Inside Story

Over to you, talkback radio and citizen juries?

Calls for a “national discussion” paper over the reality of an evolving crisis

Peter Brent 16 April 2020 748 words

Prime minister Scott Morrison (right) and chief medical officer Brendan Murphy talking to journalists last week. Sam Mooy/Getty/AAP Image


The calls continue for our senior politicians and health advisers to lay all their cards on the table. Liberate the data and the projections, bring all twenty-five million of us into the tent, and let the national discussion begin.

In the Guardian, Richard Denniss thoughtfully describes the invidious choices we face and urges us all to “be open and honest about the role of evidence, the role of democracy, and the limits of both”:

Until a vaccine is invented, we are going to need to have a very hard, very important conversation about how much risk to accept from Covid-19. The science will not be crystal clear, there will be differing views from well-informed people and hard choices will need to be made, often in real time, regardless of how uncertain the consequences of those choices are. Hopefully, when debating these questions, we can treat the scientists with respect and cut our politicians a little slack.

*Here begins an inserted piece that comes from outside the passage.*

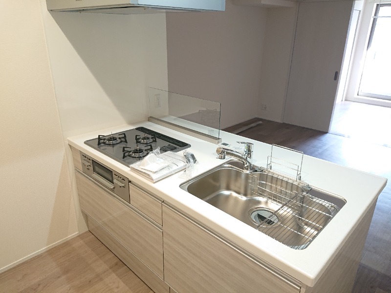 二人入居可、システムキッチン、給湯、追焚機能、宅配ボックス、駐輪場あり、角部屋、温水洗浄便座、浴室乾燥機、洗面所独立、クローゼット、シューズボックス、水道(公営)、ガス(都市)、排水(下水)、バス専用、バス・トイレ別、シャワー、ガスコンロ、コンロ(三口)、エアコン、室内洗濯機置き場、オートロック、バルコニー、フローリング、インターネット対応(光ファイバー)、TVドアホン、インターネット使用料無料、敷金なし

“Risk.” See what he did there? He meant “deaths” but it seems couldn’t, in a crafted opinion piece, bring himself to say it. How’s the frank and fearless discussion going so far?

Epidemiologist Tony Blakely also recommends full release of all modelling and options, suggesting, bizarrely, “citizen participation in deliberations, through mechanisms ranging from talkback radio to citizen juries”:

We need to also hear from a wide range of experts to help us deliberate. Philosophers, ethicists, economists, public health experts and epidemiologists — to name just a few.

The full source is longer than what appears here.